There are a myriad ways in our culture to erode that trust: other women, a sexually repressive culture, divorce, excessive behaviors and addiction. In our culture, men are taught to stuff their feelings and emotions, which automatically both magnetizes us to those “erosion behaviors” and sets the stage up for distrust to come.

Questions to consider in the building of trust:

  • Are you a man people can trust and rely on?
  • Do you make a practice of doing what you say, when you say it?
  • Would others say you compromise their trust at times? How so?
  • How do you deal with others emotions? Can you listen and accept them when others are down and need support?
  • Do you focus your emotional or sexual energies on other women, and not your wife? (e.g. thinking about other women, excessive masturbation, pornography, even flirting with other women)

A theme that I refer back to is the idea of values vs. behaviors.

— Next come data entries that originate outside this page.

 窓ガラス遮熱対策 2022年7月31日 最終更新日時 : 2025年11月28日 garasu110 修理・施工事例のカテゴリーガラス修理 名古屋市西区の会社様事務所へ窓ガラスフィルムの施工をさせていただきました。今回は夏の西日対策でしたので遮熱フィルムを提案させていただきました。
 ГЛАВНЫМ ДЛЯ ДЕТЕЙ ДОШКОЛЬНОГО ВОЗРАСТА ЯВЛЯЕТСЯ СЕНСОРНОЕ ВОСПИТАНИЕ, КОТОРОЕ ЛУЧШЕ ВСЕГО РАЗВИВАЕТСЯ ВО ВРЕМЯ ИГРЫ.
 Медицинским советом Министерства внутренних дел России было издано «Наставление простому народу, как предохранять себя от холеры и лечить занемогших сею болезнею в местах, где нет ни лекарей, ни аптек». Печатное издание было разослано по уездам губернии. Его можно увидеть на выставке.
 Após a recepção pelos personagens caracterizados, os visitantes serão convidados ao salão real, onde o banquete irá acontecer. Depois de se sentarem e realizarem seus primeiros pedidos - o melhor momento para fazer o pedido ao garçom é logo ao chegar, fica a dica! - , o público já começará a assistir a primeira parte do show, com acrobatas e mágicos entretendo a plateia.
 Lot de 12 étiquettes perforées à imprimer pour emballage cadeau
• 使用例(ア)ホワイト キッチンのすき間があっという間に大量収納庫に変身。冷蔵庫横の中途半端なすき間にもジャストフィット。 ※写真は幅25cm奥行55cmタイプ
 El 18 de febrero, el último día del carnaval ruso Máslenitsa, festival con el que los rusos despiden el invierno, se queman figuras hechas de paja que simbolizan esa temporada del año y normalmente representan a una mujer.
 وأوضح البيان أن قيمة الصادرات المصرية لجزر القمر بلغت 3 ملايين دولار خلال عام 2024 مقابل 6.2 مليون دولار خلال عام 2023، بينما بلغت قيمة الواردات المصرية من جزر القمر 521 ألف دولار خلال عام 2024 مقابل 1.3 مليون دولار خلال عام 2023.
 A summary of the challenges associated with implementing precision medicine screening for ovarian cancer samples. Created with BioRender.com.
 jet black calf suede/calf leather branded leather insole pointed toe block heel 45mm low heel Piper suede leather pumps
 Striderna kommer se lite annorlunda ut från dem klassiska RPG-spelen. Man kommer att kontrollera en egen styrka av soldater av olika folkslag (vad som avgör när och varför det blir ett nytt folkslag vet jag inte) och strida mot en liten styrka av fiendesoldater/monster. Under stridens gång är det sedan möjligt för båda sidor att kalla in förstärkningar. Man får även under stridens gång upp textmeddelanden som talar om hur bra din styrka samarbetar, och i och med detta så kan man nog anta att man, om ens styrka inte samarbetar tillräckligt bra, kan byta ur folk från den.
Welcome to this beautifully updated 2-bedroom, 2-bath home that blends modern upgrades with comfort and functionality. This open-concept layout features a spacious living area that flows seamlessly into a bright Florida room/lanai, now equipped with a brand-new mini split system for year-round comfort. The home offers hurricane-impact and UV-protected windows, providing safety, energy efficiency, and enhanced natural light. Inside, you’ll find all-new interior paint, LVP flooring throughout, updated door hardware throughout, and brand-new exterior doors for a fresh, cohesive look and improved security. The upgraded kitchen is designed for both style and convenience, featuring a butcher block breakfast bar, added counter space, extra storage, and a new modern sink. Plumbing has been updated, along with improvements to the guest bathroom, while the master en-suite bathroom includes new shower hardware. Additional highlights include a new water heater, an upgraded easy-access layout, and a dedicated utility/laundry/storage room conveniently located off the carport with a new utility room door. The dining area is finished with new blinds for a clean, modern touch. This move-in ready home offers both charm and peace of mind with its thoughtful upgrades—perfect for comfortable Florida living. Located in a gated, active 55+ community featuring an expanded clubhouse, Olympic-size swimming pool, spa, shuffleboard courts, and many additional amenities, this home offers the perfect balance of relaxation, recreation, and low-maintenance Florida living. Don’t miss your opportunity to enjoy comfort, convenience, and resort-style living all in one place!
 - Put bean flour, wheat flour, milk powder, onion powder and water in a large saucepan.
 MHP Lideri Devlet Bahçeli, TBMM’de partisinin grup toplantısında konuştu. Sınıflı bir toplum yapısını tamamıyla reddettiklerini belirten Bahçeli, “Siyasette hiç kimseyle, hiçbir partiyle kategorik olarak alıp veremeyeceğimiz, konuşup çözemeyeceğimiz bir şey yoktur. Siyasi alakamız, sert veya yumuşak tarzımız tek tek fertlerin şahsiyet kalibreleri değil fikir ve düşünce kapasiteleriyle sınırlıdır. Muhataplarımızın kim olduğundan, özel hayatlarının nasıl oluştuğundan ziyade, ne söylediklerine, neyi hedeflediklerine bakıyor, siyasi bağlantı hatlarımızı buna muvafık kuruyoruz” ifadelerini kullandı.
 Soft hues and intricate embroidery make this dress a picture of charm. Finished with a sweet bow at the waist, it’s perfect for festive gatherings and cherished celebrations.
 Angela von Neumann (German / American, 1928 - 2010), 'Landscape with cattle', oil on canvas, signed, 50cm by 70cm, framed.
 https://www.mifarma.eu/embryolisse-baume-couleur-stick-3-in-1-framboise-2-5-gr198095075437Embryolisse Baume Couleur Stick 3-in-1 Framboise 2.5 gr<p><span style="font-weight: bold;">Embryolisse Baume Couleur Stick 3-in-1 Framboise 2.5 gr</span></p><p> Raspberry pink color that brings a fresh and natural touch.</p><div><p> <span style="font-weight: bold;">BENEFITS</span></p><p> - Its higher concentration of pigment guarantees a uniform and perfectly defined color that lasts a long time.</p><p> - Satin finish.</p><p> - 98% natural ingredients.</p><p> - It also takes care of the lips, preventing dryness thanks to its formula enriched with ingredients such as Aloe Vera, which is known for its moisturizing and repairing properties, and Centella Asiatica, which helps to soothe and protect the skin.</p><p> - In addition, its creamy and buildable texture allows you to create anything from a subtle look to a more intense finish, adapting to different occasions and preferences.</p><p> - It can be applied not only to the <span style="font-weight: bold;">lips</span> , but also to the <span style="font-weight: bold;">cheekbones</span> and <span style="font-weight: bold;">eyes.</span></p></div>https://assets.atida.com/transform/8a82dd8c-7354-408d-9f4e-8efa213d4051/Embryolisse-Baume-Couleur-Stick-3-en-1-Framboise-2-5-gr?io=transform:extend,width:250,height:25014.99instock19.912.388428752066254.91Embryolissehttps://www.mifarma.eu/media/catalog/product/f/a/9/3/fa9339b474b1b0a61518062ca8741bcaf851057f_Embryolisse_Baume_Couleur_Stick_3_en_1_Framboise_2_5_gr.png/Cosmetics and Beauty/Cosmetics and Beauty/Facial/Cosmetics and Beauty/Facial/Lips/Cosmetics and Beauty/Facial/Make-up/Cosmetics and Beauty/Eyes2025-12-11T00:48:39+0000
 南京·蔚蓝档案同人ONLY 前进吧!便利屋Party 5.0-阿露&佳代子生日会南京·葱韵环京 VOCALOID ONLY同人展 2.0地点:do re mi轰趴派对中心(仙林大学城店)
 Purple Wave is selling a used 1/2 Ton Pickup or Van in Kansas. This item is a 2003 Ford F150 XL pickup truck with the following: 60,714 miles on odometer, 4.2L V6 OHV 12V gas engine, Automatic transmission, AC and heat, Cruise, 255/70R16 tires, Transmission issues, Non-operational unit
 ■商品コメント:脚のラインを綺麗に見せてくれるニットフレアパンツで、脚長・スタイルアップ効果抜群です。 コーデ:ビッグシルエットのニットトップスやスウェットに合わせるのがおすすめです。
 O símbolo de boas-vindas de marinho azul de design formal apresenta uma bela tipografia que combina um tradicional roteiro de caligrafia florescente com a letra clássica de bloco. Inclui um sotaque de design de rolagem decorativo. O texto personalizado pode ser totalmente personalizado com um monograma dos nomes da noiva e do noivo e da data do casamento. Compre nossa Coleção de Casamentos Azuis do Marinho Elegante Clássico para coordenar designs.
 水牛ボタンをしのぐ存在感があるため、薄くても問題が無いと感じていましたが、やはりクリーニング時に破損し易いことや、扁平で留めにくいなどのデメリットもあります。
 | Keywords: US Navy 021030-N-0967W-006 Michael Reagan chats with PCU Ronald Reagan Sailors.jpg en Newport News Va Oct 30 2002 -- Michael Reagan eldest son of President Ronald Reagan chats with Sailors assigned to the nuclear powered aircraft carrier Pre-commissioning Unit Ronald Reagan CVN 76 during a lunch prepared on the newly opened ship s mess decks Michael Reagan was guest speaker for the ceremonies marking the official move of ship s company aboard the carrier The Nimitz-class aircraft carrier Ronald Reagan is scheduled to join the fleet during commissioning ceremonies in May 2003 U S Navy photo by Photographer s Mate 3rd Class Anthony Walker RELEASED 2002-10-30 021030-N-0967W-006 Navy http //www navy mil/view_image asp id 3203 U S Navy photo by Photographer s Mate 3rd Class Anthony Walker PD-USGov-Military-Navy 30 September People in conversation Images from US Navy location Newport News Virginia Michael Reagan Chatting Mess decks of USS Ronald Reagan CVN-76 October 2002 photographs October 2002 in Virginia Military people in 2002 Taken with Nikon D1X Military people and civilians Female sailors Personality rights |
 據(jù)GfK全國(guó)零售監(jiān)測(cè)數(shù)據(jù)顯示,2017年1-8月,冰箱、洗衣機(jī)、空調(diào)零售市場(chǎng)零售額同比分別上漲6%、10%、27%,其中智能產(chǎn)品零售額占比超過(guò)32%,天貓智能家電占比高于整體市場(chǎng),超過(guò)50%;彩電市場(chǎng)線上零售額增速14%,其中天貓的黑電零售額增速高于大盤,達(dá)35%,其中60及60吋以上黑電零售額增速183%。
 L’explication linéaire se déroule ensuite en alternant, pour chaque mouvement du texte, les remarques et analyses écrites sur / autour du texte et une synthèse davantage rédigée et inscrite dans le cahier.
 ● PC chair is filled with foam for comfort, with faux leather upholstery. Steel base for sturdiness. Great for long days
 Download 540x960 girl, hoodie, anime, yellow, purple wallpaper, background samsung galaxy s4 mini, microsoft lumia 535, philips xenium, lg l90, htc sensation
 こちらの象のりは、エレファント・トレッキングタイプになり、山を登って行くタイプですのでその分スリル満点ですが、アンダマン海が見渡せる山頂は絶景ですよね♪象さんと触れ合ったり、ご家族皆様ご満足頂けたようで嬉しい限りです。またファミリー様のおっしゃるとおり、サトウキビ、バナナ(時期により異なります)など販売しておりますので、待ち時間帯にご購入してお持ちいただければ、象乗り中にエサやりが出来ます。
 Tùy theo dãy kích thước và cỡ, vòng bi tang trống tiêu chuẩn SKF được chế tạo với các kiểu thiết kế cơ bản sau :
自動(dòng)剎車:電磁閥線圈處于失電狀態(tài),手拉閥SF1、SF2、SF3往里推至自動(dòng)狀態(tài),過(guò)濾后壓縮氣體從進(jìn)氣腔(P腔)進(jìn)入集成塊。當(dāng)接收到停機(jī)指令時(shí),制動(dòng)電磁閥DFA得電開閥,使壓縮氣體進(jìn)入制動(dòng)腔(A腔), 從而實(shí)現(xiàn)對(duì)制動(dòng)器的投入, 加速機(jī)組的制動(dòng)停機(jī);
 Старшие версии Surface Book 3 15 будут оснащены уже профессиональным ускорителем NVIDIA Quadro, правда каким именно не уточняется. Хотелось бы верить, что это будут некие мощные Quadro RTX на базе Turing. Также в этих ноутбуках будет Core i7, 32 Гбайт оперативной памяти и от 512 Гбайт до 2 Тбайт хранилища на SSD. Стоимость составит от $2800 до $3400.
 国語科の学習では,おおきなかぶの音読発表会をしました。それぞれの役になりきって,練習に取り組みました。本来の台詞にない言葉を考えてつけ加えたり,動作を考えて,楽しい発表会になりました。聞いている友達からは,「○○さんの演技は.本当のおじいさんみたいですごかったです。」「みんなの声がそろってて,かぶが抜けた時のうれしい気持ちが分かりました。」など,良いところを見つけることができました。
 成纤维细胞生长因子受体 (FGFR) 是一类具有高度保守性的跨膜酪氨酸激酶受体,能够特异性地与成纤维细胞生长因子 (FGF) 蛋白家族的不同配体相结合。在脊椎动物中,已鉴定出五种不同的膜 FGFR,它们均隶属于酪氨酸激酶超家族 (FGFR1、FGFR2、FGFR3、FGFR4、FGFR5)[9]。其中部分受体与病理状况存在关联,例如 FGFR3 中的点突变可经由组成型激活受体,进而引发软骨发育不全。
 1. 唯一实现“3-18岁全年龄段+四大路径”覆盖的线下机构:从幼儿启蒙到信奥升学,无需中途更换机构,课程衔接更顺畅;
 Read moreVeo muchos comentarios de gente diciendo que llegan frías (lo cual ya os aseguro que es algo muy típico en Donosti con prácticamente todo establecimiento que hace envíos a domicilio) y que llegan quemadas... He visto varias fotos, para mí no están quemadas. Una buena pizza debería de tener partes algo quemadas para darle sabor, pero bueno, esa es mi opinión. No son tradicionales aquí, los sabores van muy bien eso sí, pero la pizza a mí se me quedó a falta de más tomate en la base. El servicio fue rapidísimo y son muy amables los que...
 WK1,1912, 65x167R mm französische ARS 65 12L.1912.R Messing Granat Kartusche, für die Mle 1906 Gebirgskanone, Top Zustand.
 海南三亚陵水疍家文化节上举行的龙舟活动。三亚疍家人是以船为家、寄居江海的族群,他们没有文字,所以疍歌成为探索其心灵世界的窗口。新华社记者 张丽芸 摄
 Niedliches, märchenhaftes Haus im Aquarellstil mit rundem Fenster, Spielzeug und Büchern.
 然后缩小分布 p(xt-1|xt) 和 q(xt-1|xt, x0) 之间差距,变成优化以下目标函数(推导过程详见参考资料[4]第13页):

Are you practicing what you preach? Are your deeper values producing behaviors in the world that line up and are consistent? If not, what prevents them from mirroring your values?

Values could be anything like these:

  • You see a vision of a strong and healthy relationship in your life, which may be different from past relationships
  • You believe in truth and honesty, and seek to communicate those values through your behaviors
  • You want people to know, like and trust you - do you give them reasons to do that?

If you’re in a relationship now, or would like to be, I’d invite you to open this discussion up with your wife, girlfriend or partner. Talk about the insecurities that come up, and the blocks or potential threats to building that trust. If you want to build more trust, ask your partner how you could go about doing that if you suspect your relationship could benefit from more trust.